### Problem:
Without altering a word, return the records below, but exclude the pictures.

### Dataset entries:
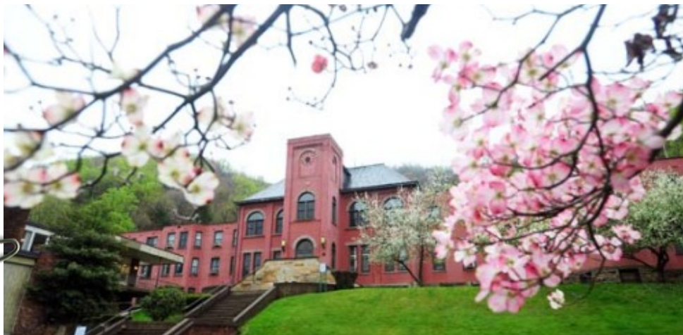
West Virginia Tech
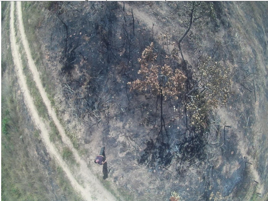
Photo taken by the UAS of a person walking in a burned area inside GSVNP. May 1016
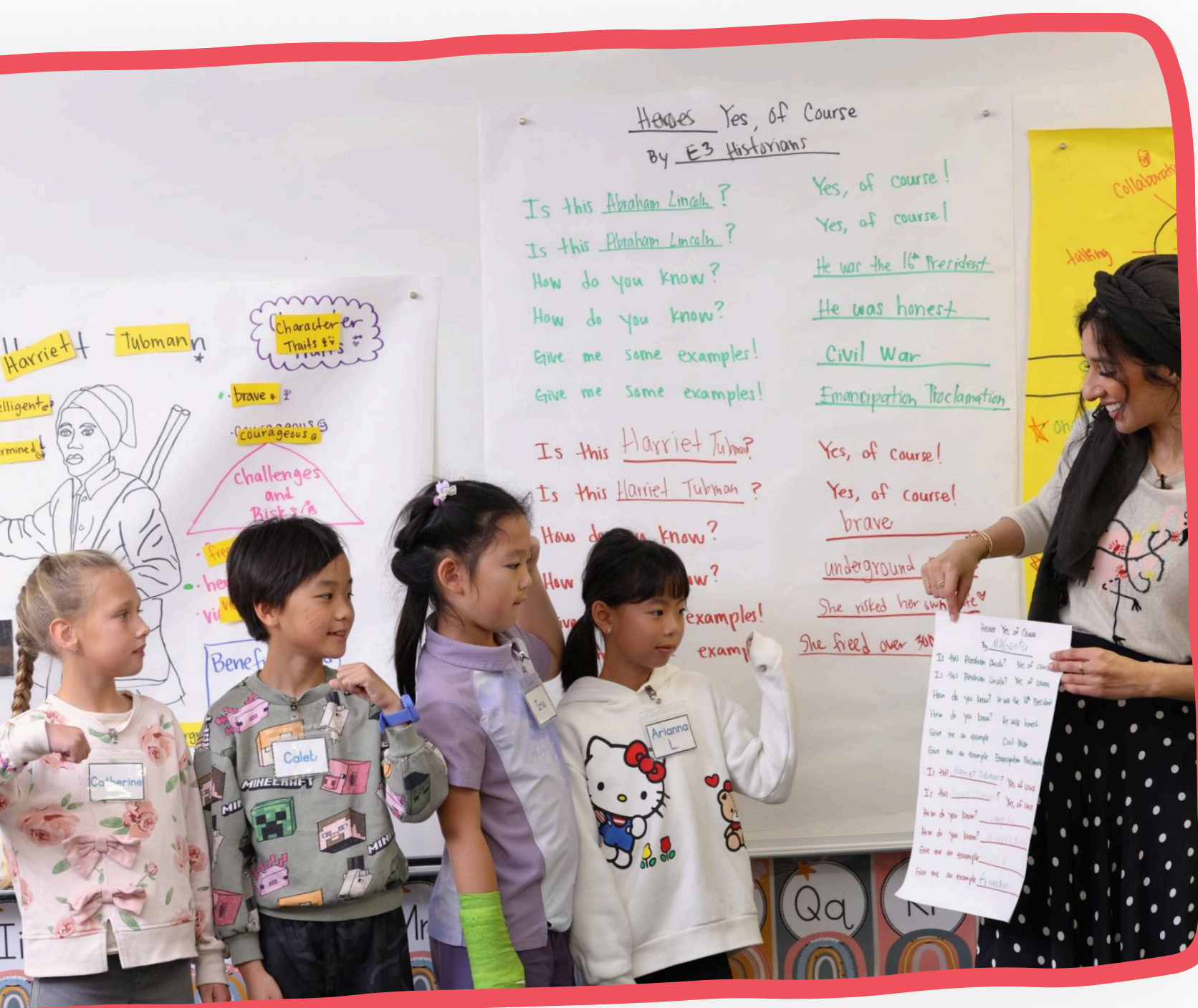
Sustainable strategies that build confident, engaged learners.

Visit www.begladtraining.com or email us at hello@begladtraining.com to learn more.
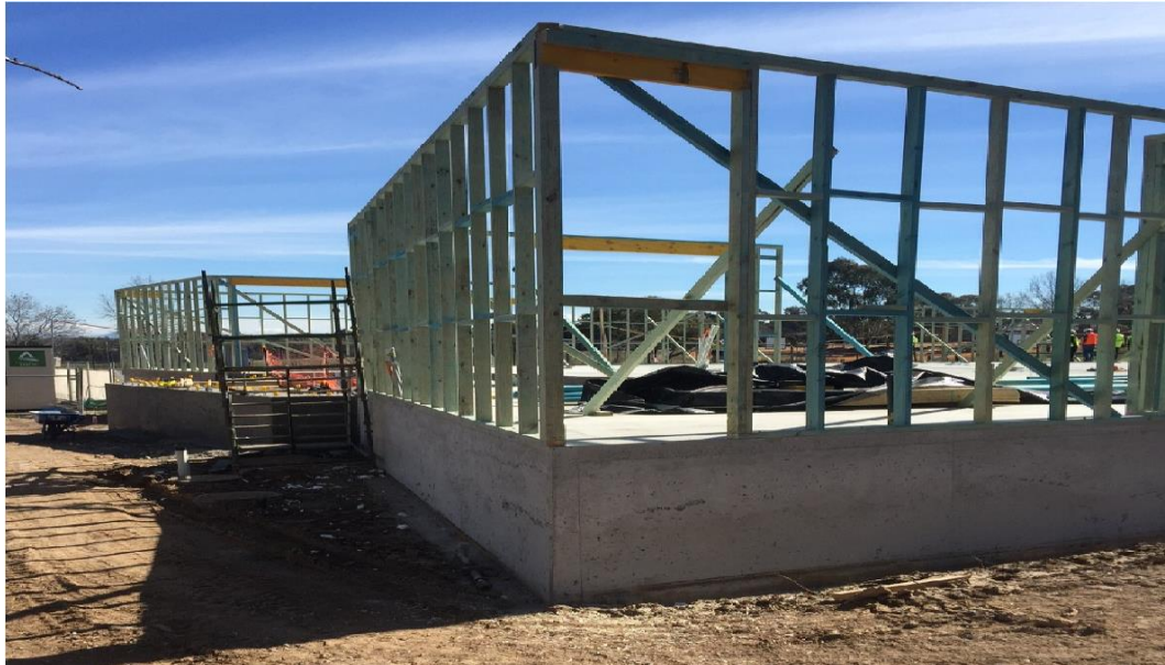
Caroline Chisholm School
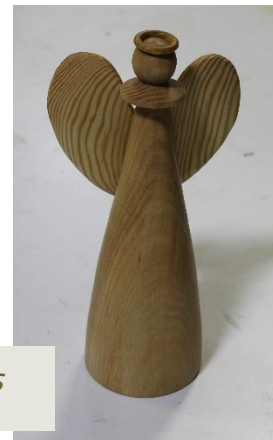
Turned angel with heart-shaped wings
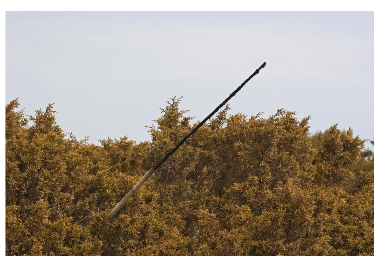
9000 to 10 000 lethal gunshots and lime sticks for Bee-eaters in the migration bottle neck of the South Eastern Peninsula with Cape Greco in September 2008.
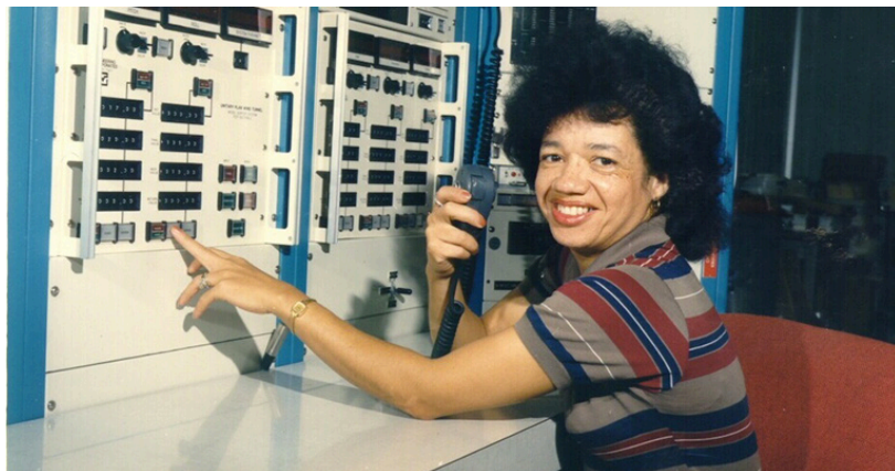
Christine Darden.

Tickets are $35 general admission, $25 for college students with I.D., and $15 for high school students with I.D. Reserved tables for eight in a priority location and with custom signage are also available for $350.
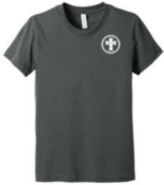
Bella + Canvas Youth Short Sleeve Tee
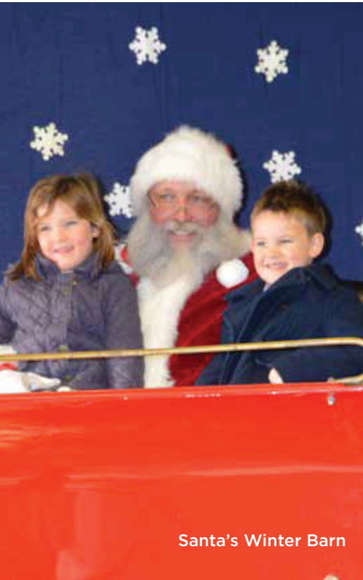
Santa's Winter Barn

BLACK FRIDAY GOLF SHOP SALE Mill Creek Golf Shop 11/25 | 10 am - 4 pm Blow-Out Sale with an abundance of special savings.
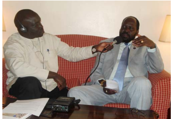
A journalist from the Sudan Radio Service interviews Salva Kiir, the president of the Government of Southern Sudan.
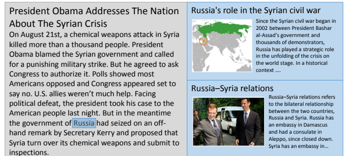
Figure 1: Contextual Insights experience.

knowledge base (Web pages, entities, etc.) that are relevant to the focus of attention and the context. In this paper, we present a system, called Leibniz, that provides a solution for the contextual insights problem, implementing a general architecture that leverages existing search engine technology; and an experimental evaluation of the Leibniz contextual insights system.
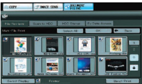
Sharp's easy-to-use Document Filing System with thumbnail preview
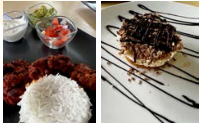
Some of the delicious dishes prepared by the Young Chef competitors
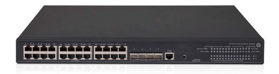
Figure 5 HPE FlexNetwork 5130 24G PoE+ 4SFP+ (370W) EI Switch (JG936A)
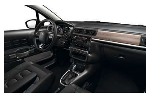
TECHWOOD AMBIANCE (Standard on Flair Plus, optional on Flair)

STANDARD AMBIANCE (Standard on Feel and Flair)
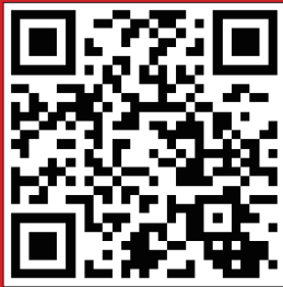
Company Web Behappy
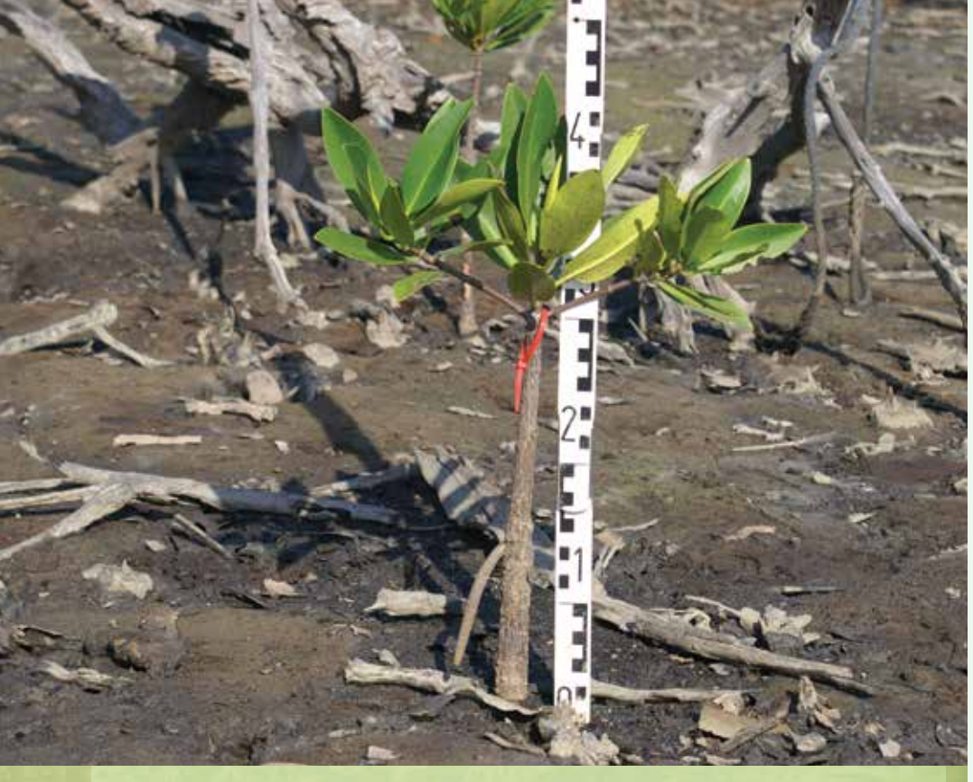
FIGURE 2. Rhizophora mangle seedling encountered along the transect in 2009 in El Pelican. Ground cover and growth height of species are recorded by every visit.

This natural laboratory should provide a deeper understanding of a range of successional pathways among mangrove populations
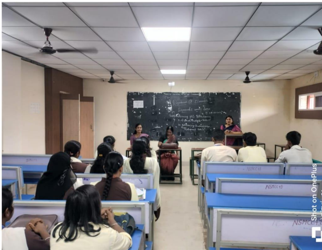
"Assessing the effectiveness of Union Budget 2024 in achieving Sustainable Development Goals" DEPARTMENT OF ECONOMICS
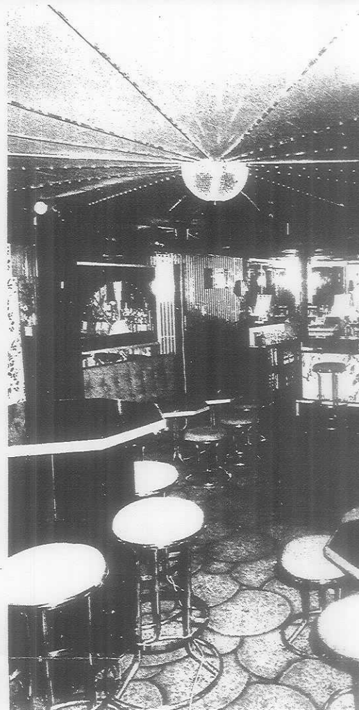
RUBY'S NITE CLUB in Cruise's Hotel, Limerick

re Happy to be ted with Cruise's d wish them well th their new
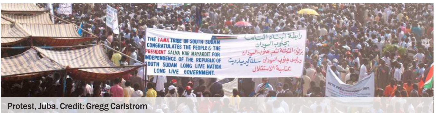
Protest, Juba.

Gradually, debates on statebuilding have begun to take on a more nuanced approach. For example, the Organization for Economic Co-operation and Development (OECD) pointed out in a 2011 report that: 'statebuilding is a deeply political process, and understanding the context – especially what is perceived as legitimate in a specific context – is crucial if international support is to be useful' (OECD DAC 2012: 11). Despite the changing debate, however, statebuilding in practice continues to be informed by models of liberal democracy and neoliberal economic practices, and is still dominated by technical approaches and externally driven (Roberts 2008). In the case of South Sudan, critics have observed that, starting from 2005, donors and other international actors have largely focused their efforts on technical activities. Their engagement has been largely ahistorical and apolitical, and hence has neglected the political tensions among key players in South Sudan that boiled over into war in 2013 (Pantuliano 2014).
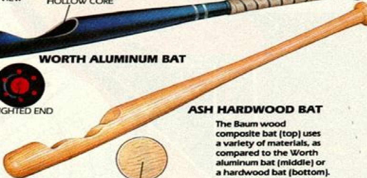
ASH HARDWOOD BAT
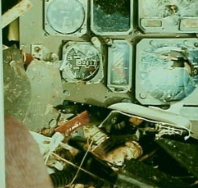
Photo 10: Close-up of First Officer's Instrument Panel (as viewed at scene)
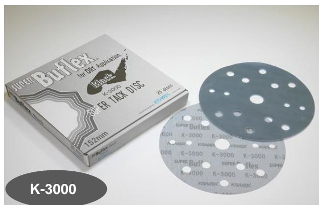
Super Buflex Disc K-3000(Black)

Beautiful finishes can be achieved in much less time, now with DRY sanding !
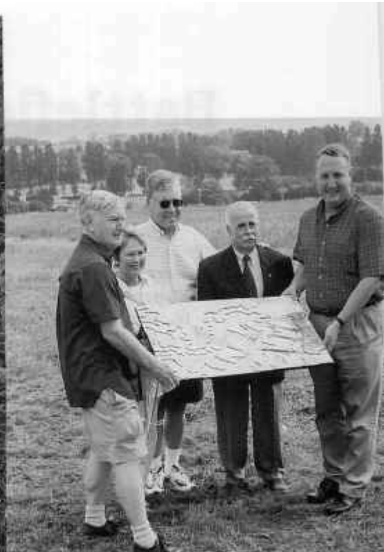
Above left: The three-dimensional map of the Trun-Chambois gap oriented to the east to conform with the view of the battlefield. Canadian, Polish, American and French forces are indicated, as well as the escape routes of the German army.
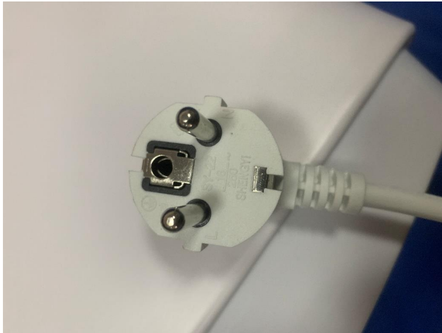
Fig. 3 – Plug view

The result(s) shown in this report refer only to the sample(s) tested. Without written approval of AOCE, this report can't be reproduced except in full.

### Expected answer:
West Virginia Tech
Photo taken by the UAS of a person walking in a burned area inside GSVNP. May 1016
Sustainable strategies that build confident, engaged learners.

Visit www.begladtraining.com or email us at hello@begladtraining.com to learn more.
Caroline Chisholm School
Turned angel with heart-shaped wings
9000 to 10 000 lethal gunshots and lime sticks for Bee-eaters in the migration bottle neck of the South Eastern Peninsula with Cape Greco in September 2008.
Christine Darden.

Tickets are $35 general admission, $25 for college students with I.D., and $15 for high school students with I.D. Reserved tables for eight in a priority location and with custom signage are also available for $350.
Bella + Canvas Youth Short Sleeve Tee
Santa's Winter Barn

BLACK FRIDAY GOLF SHOP SALE Mill Creek Golf Shop 11/25 | 10 am - 4 pm Blow-Out Sale with an abundance of special savings.
A journalist from the Sudan Radio Service interviews Salva Kiir, the president of the Government of Southern Sudan.
Figure 1: Contextual Insights experience.

knowledge base (Web pages, entities, etc.) that are relevant to the focus of attention and the context. In this paper, we present a system, called Leibniz, that provides a solution for the contextual insights problem, implementing a general architecture that leverages existing search engine technology; and an experimental evaluation of the Leibniz contextual insights system.
Sharp's easy-to-use Document Filing System with thumbnail preview
Some of the delicious dishes prepared by the Young Chef competitors
Figure 5 HPE FlexNetwork 5130 24G PoE+ 4SFP+ (370W) EI Switch (JG936A)
TECHWOOD AMBIANCE (Standard on Flair Plus, optional on Flair)

STANDARD AMBIANCE (Standard on Feel and Flair)
Company Web Behappy
FIGURE 2. Rhizophora mangle seedling encountered along the transect in 2009 in El Pelican. Ground cover and growth height of species are recorded by every visit.

This natural laboratory should provide a deeper understanding of a range of successional pathways among mangrove populations
"Assessing the effectiveness of Union Budget 2024 in achieving Sustainable Development Goals" DEPARTMENT OF ECONOMICS
RUBY'S NITE CLUB in Cruise's Hotel, Limerick

re Happy to be ted with Cruise's d wish them well th their new
Protest, Juba.

Gradually, debates on statebuilding have begun to take on a more nuanced approach. For example, the Organization for Economic Co-operation and Development (OECD) pointed out in a 2011 report that: 'statebuilding is a deeply political process, and understanding the context – especially what is perceived as legitimate in a specific context – is crucial if international support is to be useful' (OECD DAC 2012: 11). Despite the changing debate, however, statebuilding in practice continues to be informed by models of liberal democracy and neoliberal economic practices, and is still dominated by technical approaches and externally driven (Roberts 2008). In the case of South Sudan, critics have observed that, starting from 2005, donors and other international actors have largely focused their efforts on technical activities. Their engagement has been largely ahistorical and apolitical, and hence has neglected the political tensions among key players in South Sudan that boiled over into war in 2013 (Pantuliano 2014).
ASH HARDWOOD BAT
Photo 10: Close-up of First Officer's Instrument Panel (as viewed at scene)
Super Buflex Disc K-3000(Black)

Beautiful finishes can be achieved in much less time, now with DRY sanding !
Above left: The three-dimensional map of the Trun-Chambois gap oriented to the east to conform with the view of the battlefield. Canadian, Polish, American and French forces are indicated, as well as the escape routes of the German army.
Fig. 3 – Plug view

The result(s) shown in this report refer only to the sample(s) tested. Without written approval of AOCE, this report can't be reproduced except in full.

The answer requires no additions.